Capital market imperfections are limitations that reduce the range of financial contracts that can be signed or honored. These restrictions are more common in capital markets. There are three basic reasons for that: First, lenders do not have full information about the borrower, whether they have the capacity to pay back their debt and/or whether they are willing to pay (asymmetric information). Secondly, the lender needs to trust the borrower to commit and to pay back his/her debt or there needs to be a third party to enforce the contract as it is more difficult to enforce contracts ex post (limited commitment). Finally, since the exchange does not happen at the same time, there is always room for renegotiation.

Perfect capital markets 

In perfect capital market case, assuming complete markets, perfect rationality of agents and under full information, the equilibrium occurs where the interest rates clear the market, with the supply of funds equal to the demand. This type of equilibrium is called Arrow-Debreu equilibrium, which is defined as there is a set of prices (in this case interest rates) under which demand and supply of the market are equal to each other. Moreover, we can analyze the firm's investment decision and its owner's consumption/saving decision separately (Fisher separation theorem). In addition to that, even in case of  bankruptcy risk, the resulting optimum choice of firm will be efficient as the interest rate increases to capture the bankruptcy risk. Therefore, the possibility of default of the borrower is not a main driving force that leads to imperfect capital markets.

Asymmetric information 
The main feature of financial markets that leads to imperfection is information asymmetry between borrowers and lenders. We see two main types of information asymmetries in capital markets:
 Adverse selection: Adverse selection occurs before the signing of the contract. The lack of information occurs since the lenders do not have information about the type of borrowers, i.e. whether the borrower tends to engage in riskier projects or not. There is positive correlation between possibility of selecting "bad" types as the interest rate increases since it is more costly for safe borrowers than risky borrowers since the possibility of not paying back his/her debt for the risky one is relatively higher. In adverse selection, the borrower type is only known by the individual and occurs when there are not enough tools to screen the borrower types. One of the examples of screening is offering different types of funds having different interest rates and asking different amounts of collateral in order to reveal the information about the type of the borrower. If the borrower is a "bad" type, then he/she will choose the type of funds having higher interest rates and requesting lower amount of collateral. However, in real world there are many types of borrowers which we can not categorize with just "bad" and "good" types. For each characteristic of the borrower lender needs to increase the number of instruments to fully reveal the information about the type of the borrower. Hence, in real life it is not possible for lender to fully reveal the type of borrowers.
 Moral hazard: The other type of asymmetric information is moral hazard which arises from the lack of information about the ex-post behavior of the borrower. After signing the contract, the borrower will tend make riskier project since he does not take the full responsibility of the funds. As the interest rate increases, the possibility of the borrower to engage in riskier projects increases in order to increase the expected return. In general, it is assumed that the riskier projects have higher expected return.
 Other possibility that results from the lack of information about the behavior of the borrower is that when the borrower declares default, the lender does not know if it is really true or not and what the value of the project/firm is after the default. Hence, it incurs some cost to verify the default. Hence, this also hinders the equilibrium from being efficient as the verification cost decreases the welfare.

Limited Commitment 

Another important characteristic that yields imperfection is that exchange does not happen simultaneously in capital markets. The borrower gets his/her funds, but the lender must rely on the promises of the borrower. One of the conditions for imperfect capital markets is default risk. The borrower may declare bankruptcy, and thus, may not pay the debt back. Hence, the borrower's promises, as well as the structure of the promises, are very important for the transaction to be realized. One of the options in dealing with the limited commitment problem is providing collateral. The contract is formed such that in case of default, the lender has all/some rights to seize the collateral. This is called a secured loan in finance. However, it does not fully solve the problem because there are costs associated with seizing the pledged asset. One source of these costs is the money and time spent enforcing the contract.

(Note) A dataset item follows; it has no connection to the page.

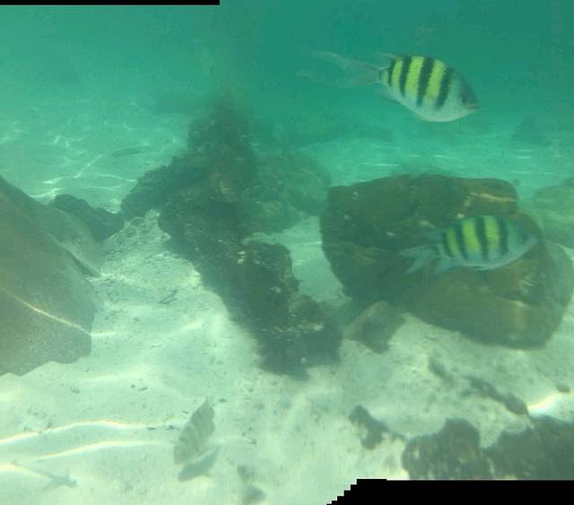 Day 3:芭雅岛浮潜。分为平台浮潜(深浅)和沙滩浮潜,深浅是在离岸边比较远的地方,沙滩浮潜就是在岸边,当然价格也是有差距的。我们选择的是沙滩浮潜(180MB),早上8点多有车在酒店门口接送到码头,然后领手环乘船出发,约1.5小时抵达芭雅岛。沙滩浮潜可领取浮潜装备(免费提供潜水镜和呼吸管),听工作人员讲解注意事项后可以开始活动。在这里提醒大家,浮潜最好自备长袖长裤潜水服做好防晒,还有之前有看攻略说浮潜不能涂防晒霜,怕伤害到海里的珊瑚,也许是一个原因,但还有个重要的原因是,如果防晒霜涂太厚,有可能会影响你戴潜水镜,无法与皮肤粘合在一起,导致潜水镜进水,这是工作人员告诉我们的。结果我们把脸上的防晒霜擦得也差不多了。岸边也是有很多小鱼鱼和珊瑚的,对于我这种有深海恐惧症的人来说,岸边浮潜一下就够了,还很不幸的被黄色的鱼咬伤,它们牙齿真的超级坚硬,所以不要随便喂食。岸边风景也很美,可以各种凹造型拍拍拍。中午大概12:30开始提供免费的午餐和饮料,3:00就要准备冲洗更换衣服返航啦。

Another reason for capital market imperfections associated with limited commitment is the ability of the borrower to renegotiate the terms of the contract ex post. Even though the contract is signed as a secured loan, because of the enforcement costs, the lender never gets the full payment in case of default. Ex post, the borrower always has the option to offer more than the lender would get in case of default, but less than the full payment. That is why the incentive compatibility is needed to ensure binding contracts, in imperfect capital markets.

Relation with incomplete markets 
The other feature of the capital market leading to imperfections is that credit is not a homogeneous good. It is a different good in different states of world in different times and even given different people. In an idealized "perfect" market, economists expect the market to "achieve every desired exchange for homogeneous goods when there is only one price". Based on that, to have a perfect capital market, every agent may exchange funds at the existing single interest rate for each type of fund. However, in reality we do not have that many different types of credit/funds for each different states of world to have complete market.

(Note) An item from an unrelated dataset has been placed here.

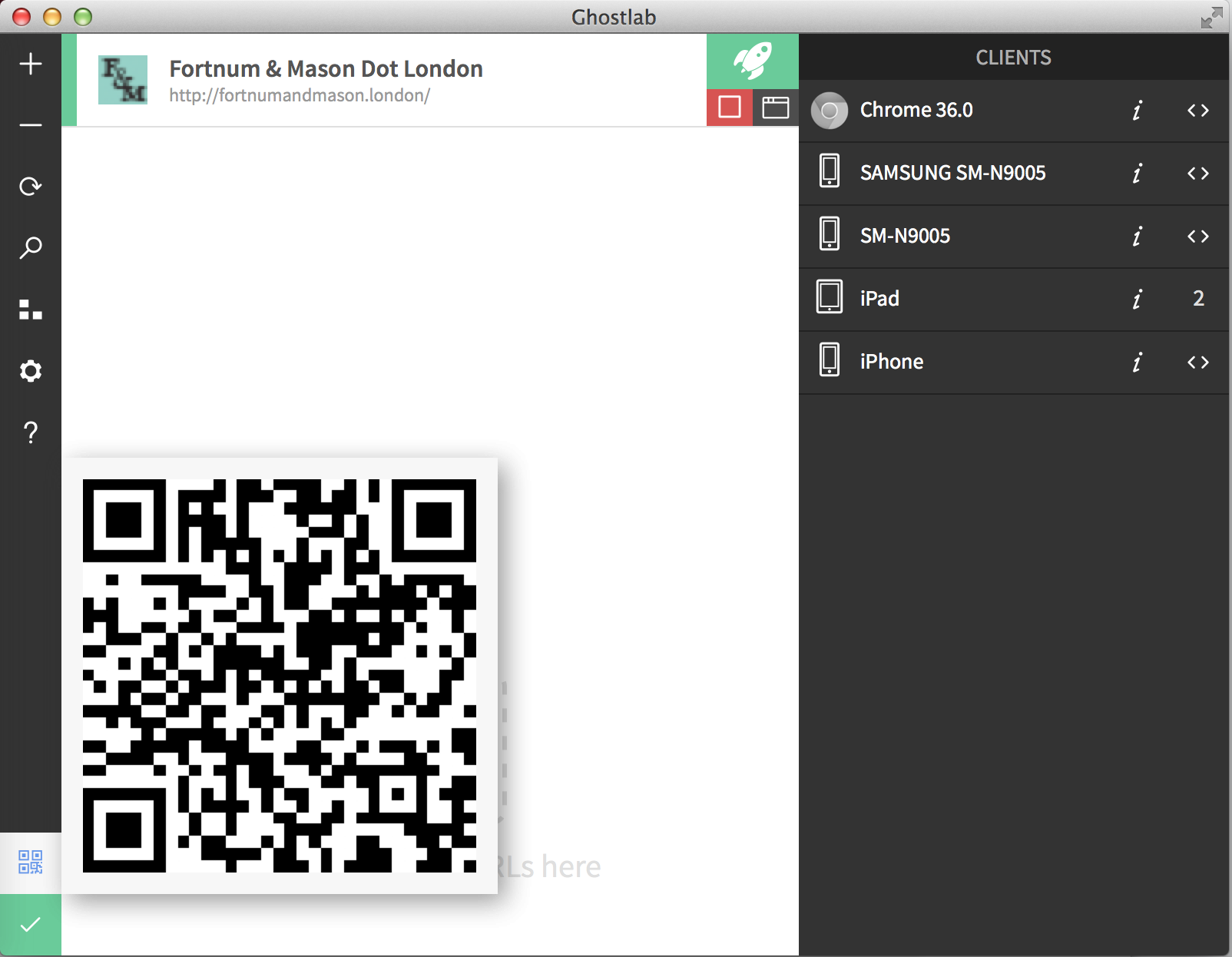 Running Fortnum & Mason.london via Ghostlab

Consequences of imperfections in capital markets 

With perfect information as the interest rate increases, expected return to the lender increases as the lender charges the borrower more for the lending service. However, with imperfect information there is also an indirect opposite effect. As the interest rate rises, the possibility of selecting riskier borrowers increases as the cost increases less for them as they may not pay it back. Hence, as the interest rate goes up, the return to the lender decreases only considering the adverse selection effect. Considering these two opposite effects, the lender may determine the interest rate to maximize the rate of return so it does not necessarily clear the market. In that situation, some individuals can not obtain any credit at the existing market interest rate although they are willingly to pay the market value. Hence, we see credit rationing as a result of imperfection in capital markets.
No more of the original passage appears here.